Protective mechanism of shenmai on myocardial ischemia-reperfusion through the energy metabolism pathway

Abstract

Shenmai (SM) injection has been reported to attenuate ischemia-reperfusion (I/R) injury, but its effect on energy metabolism during I/R and the underlying mechanism remain unknown. To explore the protective mechanism of SM on ischemic cardiomyopathy, primary cardiomyocytes from SD rats were treated with SM, total saponins of Panax ginseng (TSPG), L-carnitine (LC) and trimetazidine (TMZ). Changes in glucose, free fatty acids (FFAs), pyruvic acid (PA), lactic acid (LA) and intracellular ATP capacity were observed with the appropriate assays. For each treatment group, the key enzymes and transporters of myocardial energy metabolism were detected and compared via Western blot. Furthermore, impairments after I/R were assessed by examining cardiomyocyte apoptosis and LDH and PK activity in the culture medium. Our results indicated that SM and TSPG markedly alleviated the decrease in key enzymes and transporters and the utilization of metabolic substrates following I/R, while SM prevented aberrant apoptosis and restored the depleted ATP resulting from I/R. Notably, the effects of SM were superior to those of its main components TSPG, LC and TMZ. Thus, the protective effect of SM in ischemic cardiomyopathy may be mediated by the upregulation of key enzymes and restoration of the depleted ATP content in the energy metabolism process.
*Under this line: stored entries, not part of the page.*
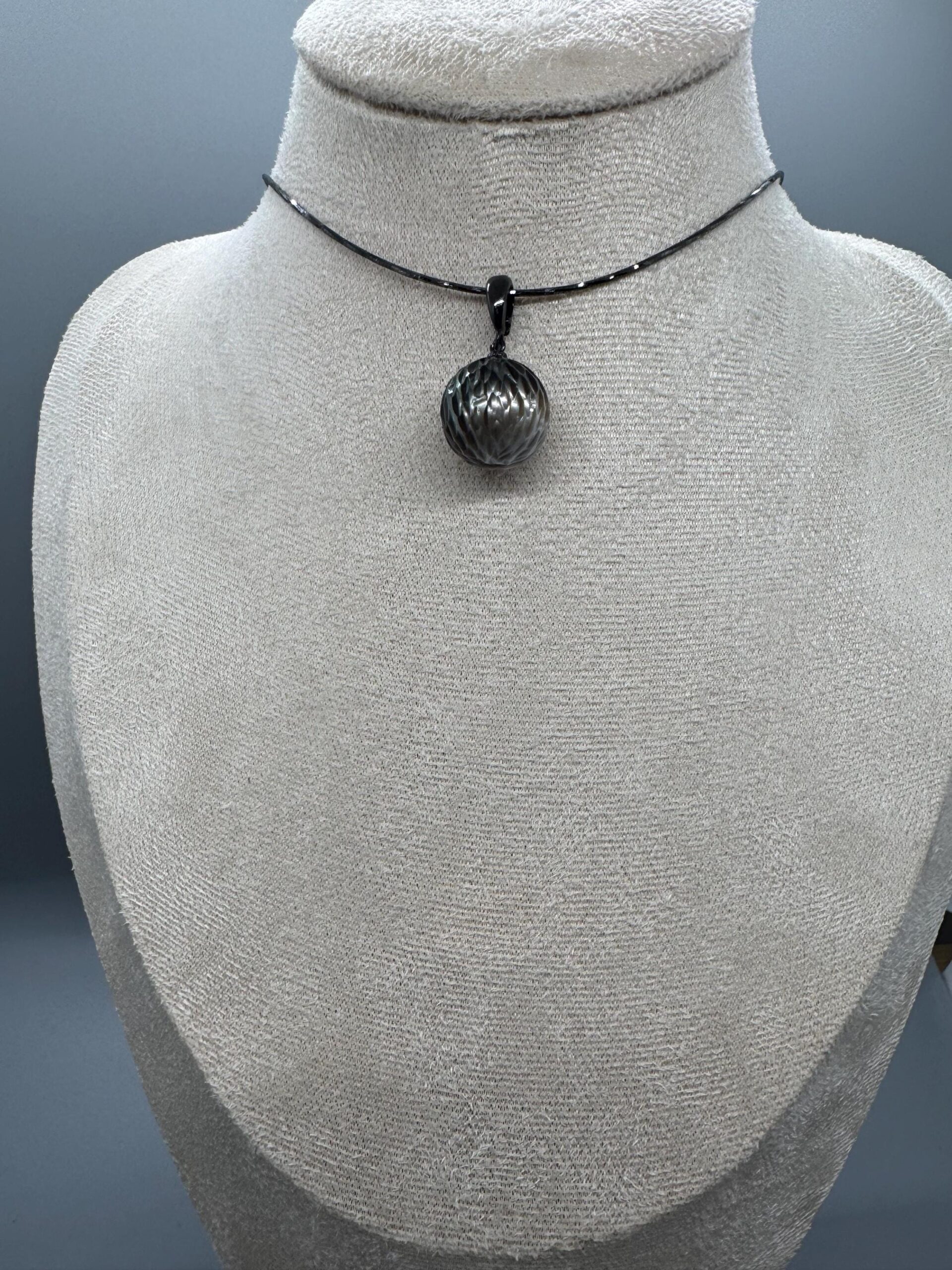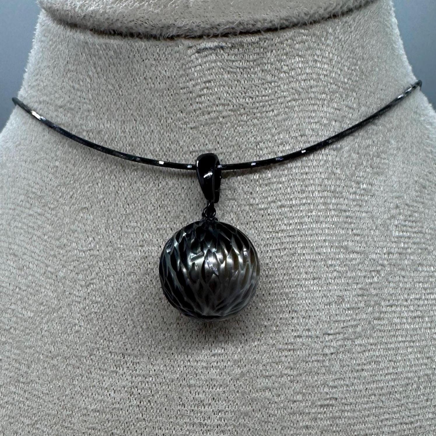 Black Rhodim Plated Necklace with Black and Silver carved Tahitian Pearl on black pendant universal clasp
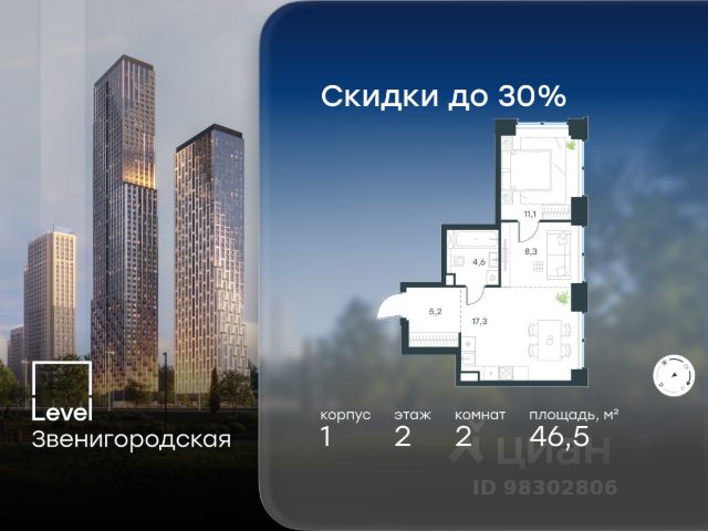10 минут от Москва-Сити В продаже квартира площадью 83.65 м² с предчистовой отделкой на 17 этаже 55 этажного дома. Квартира расположена в корпусе Anna. Джойс — это премиальный жилой комплекс от девелопера MR в районе Хорошёво-Мнёвники. Он включает несколько эффектных небоскрёбов высотой 47-56 этажей, эксклюзивные форматы квартир с панорамным остеклением, подземный двухуровневый паркинг на 239 м/м, собственную приватную инфраструктуру, закрытый ландшафтный парк 2,3 Га с функциональным зонированием и охраняемой территорией. Над проектом работали лучшие команды международных агентств с многолетним опытом: Genpro, S&P, iLight International и другие. Расположение Пешком: - 5 мин. ст. МЦК "Хорошёво"; - 15 мин. ст. м. "Народное ополчение"; - 10 мин. ст. метро "Звенигородская" с 2027 года; - 20 мин. причал "Карамышевский". На автомобиле: - 3 мин. до Звенигородского шоссе; - 5 мин. до ТТК: - 8 мин. до Серебряного бора и Строгинского затона - 10 мин. до ММДЦ "Москва-Сити"; - 40 мин. до аэропорта "Шереметьево"; Благоустройство - собственный ландшафтный парк 2,3 Га; - парк скульптур от Cosmoscow; - консьерж-сервис 24/7; - сервисный лифт и вход; - игровые и спортивные площадки; - коворкинг с библиотекой; - лаунж-зона с камином; - игровые комнаты для детей и клуб для подростков с оборудованием для видеоигр; - спортивная студия для индивидуальных тренировок; - гостиная с мини-кухней; - зоны для выгула собак; - подогрев пешеходных дорожек в зимний период; - автополив зелёных насаждений; - премиальные рестораны, кафе, химчистки, аптеки и супермаркеты. Окружение - 4 парка: Покровское-Стрешнево, Филёвский парк, Серебряный бор и Берёзовая роща; - 15 общеобразовательных заведений, в том числе две школы из самых лучших в Москве: государственная школа "Интеграл" и частная "Хорошкола"; - спортивное сооружение "ВЭБ Арена", домашний стадион ФК ЦСКА; - крупнейший в Европе торгово-развлекательный центр "Авиапарк".
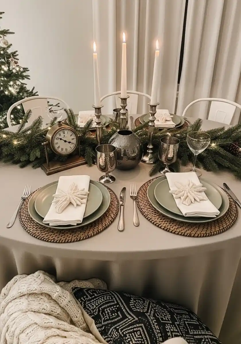 This look feels like New Year’s Eve met a cabin. I layered woven chargers to ground the place settings, then used soft sage plates so the table didn’t feel loud. Tall taper candles in silver holders add height, which is important on a round surface because it draws eyes upward and frees elbow room. A low garland of cedar and fir keeps everything connected, like a green river running through. My confession is I almost skipped the old-fashioned desk clock, but it’s the quirky piece that makes guests smile and it whispers party time. For Christmas round table decor, one oddball item gives character.
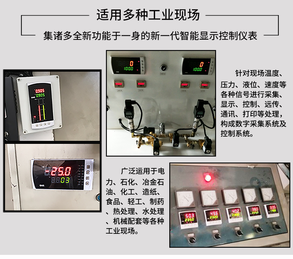 四回路測量顯示控制儀針對現(xiàn)場溫度、壓力、液位、速度等各種信號進行采集、顯示、控制、遠傳、通訊、 打印等處理,構(gòu)成數(shù)字采集系統(tǒng)及控制系統(tǒng)。
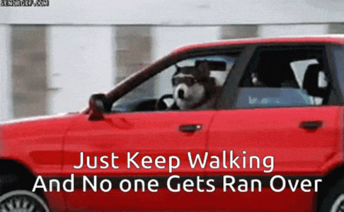 ഉള്ളടക്കത്തിന്റെ വിവരണം: a dog is driving a red car with the words just keep walking and no one gets ran over below it
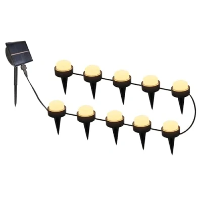 Solar LED mini spotlights: Solray is a set of 10 mini solar spotlights to be staked in the ground or to be fixed on a wall, it has an operating time of 8 hours. These linked mini spotlights will mark your outdoor area discreetly. The SOLIRAY Mini Solar Spot Light Set is a soft solar outdoor lighting that will allow you to decorate your garden or simply mark a pathway, all thanks to the energy of the sun. Outdoor use: the mini solar spotlights are pricked into the ground. You just need to plant them in a planter or on a lawn and the sun will do the rest of the work! The spikes are removable allowing you to attach the mini spotlights to a wall. Battery life: after charging about 6-8 hours, these solar lights can light up your patio or driveway for almost 8 hours. Don't be afraid to take the paths of your garden after dark, SOLIRAY will guide you the way! INTENSITY: The mini solar spotlights have a warm white LED base. This outdoor light offers you a very soft and warm lighting. ROBUST: Soliray outdoor solar signage protected against splashes (IP65) and also UV resistant.
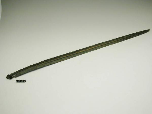 Spada con restringimento prima del codolo; codolo a profilo subquadrangolare; conserva un ribattino
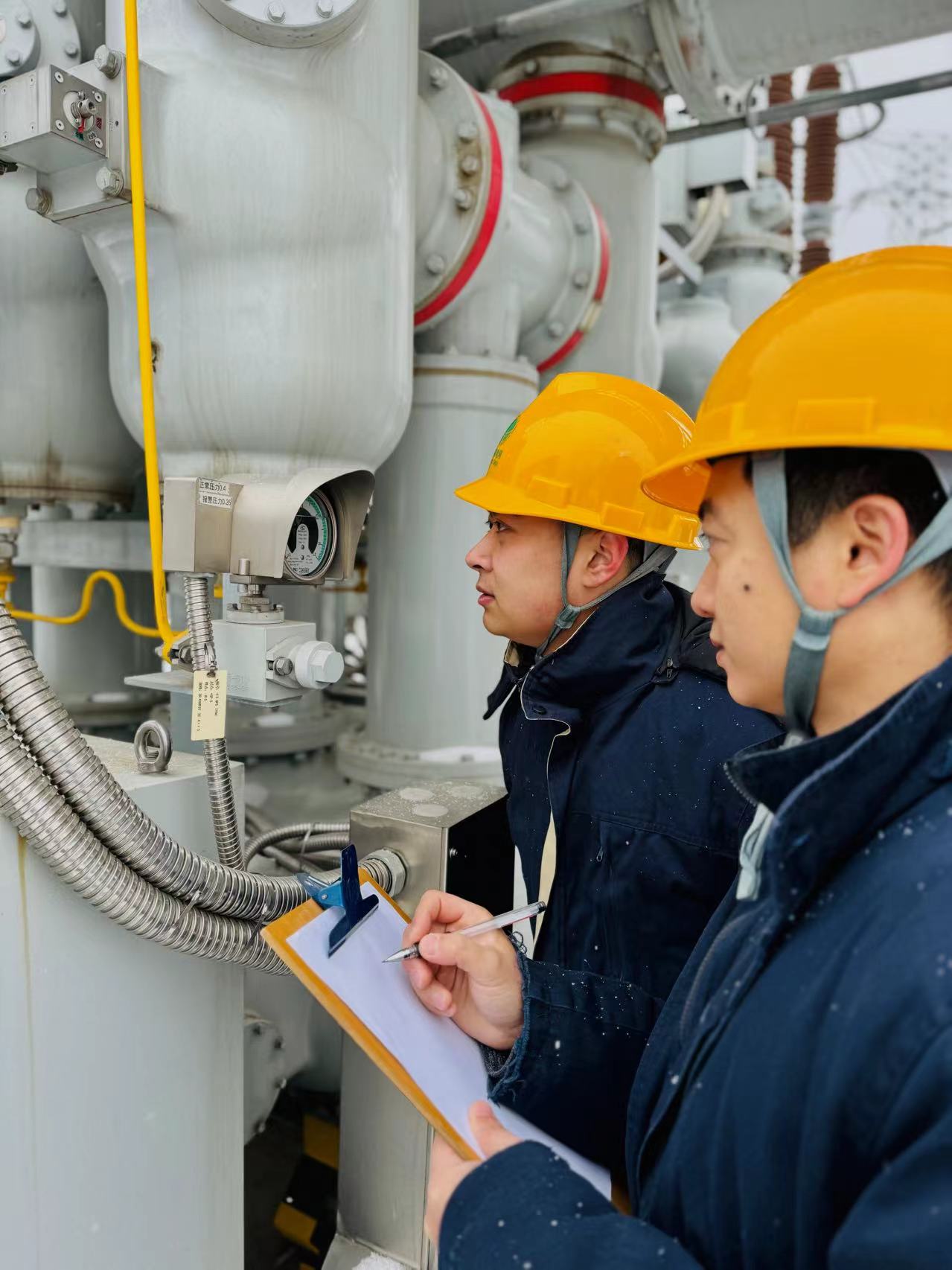 變電運維人員實時監(jiān)測GIS設(shè)備氣室SF6氣體壓力值。(圖片由供電公司提供)
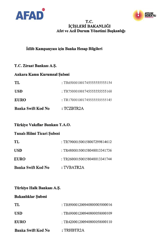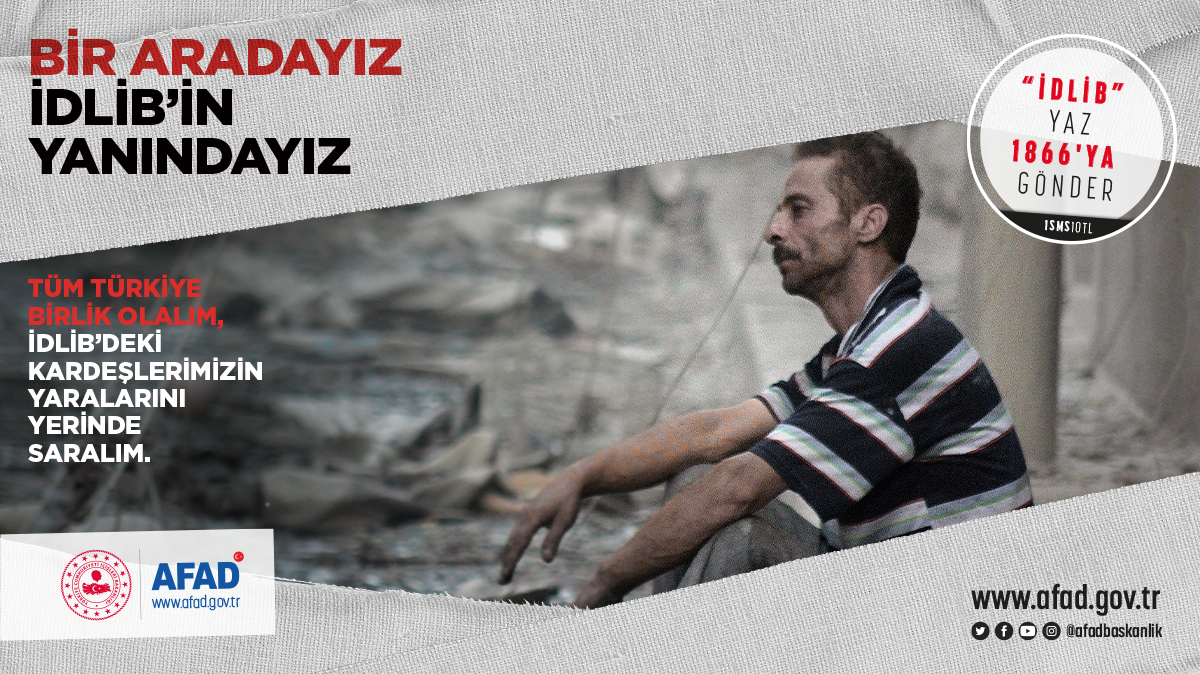 AFAD Başkanlığıtarafından Türkiye Kızılay Derneği ve Türkiye Diyanet Vakfı’nın yanısıra çeşitli sivil toplum kuruluşlarıyla işbirliği içinde İdlib’e yönelik “Bir aradayız, İdlib’in yanındayız” temalı insani yardım kampanyası başlatılmıştır.

Keywords: Shenmai; cardiomyocytes; energy metabolism; ischemia-reperfusion; total saponins of Panax ginseng.

Figure 1

Observation of cardiomyocytes under confocal microscopy. Anti-labeled actin conjugated by second antibody is shown in yellowish green (B); nuclei are labeled by DAPI in blue (A). Combined fluorescence of the cytoplasm and nuclei of cardiac muscle cells (C). Cardiomyocyte purity was calculated by observing 5 random fields of view and counting 200 cells in each field (97.1±1.9)%.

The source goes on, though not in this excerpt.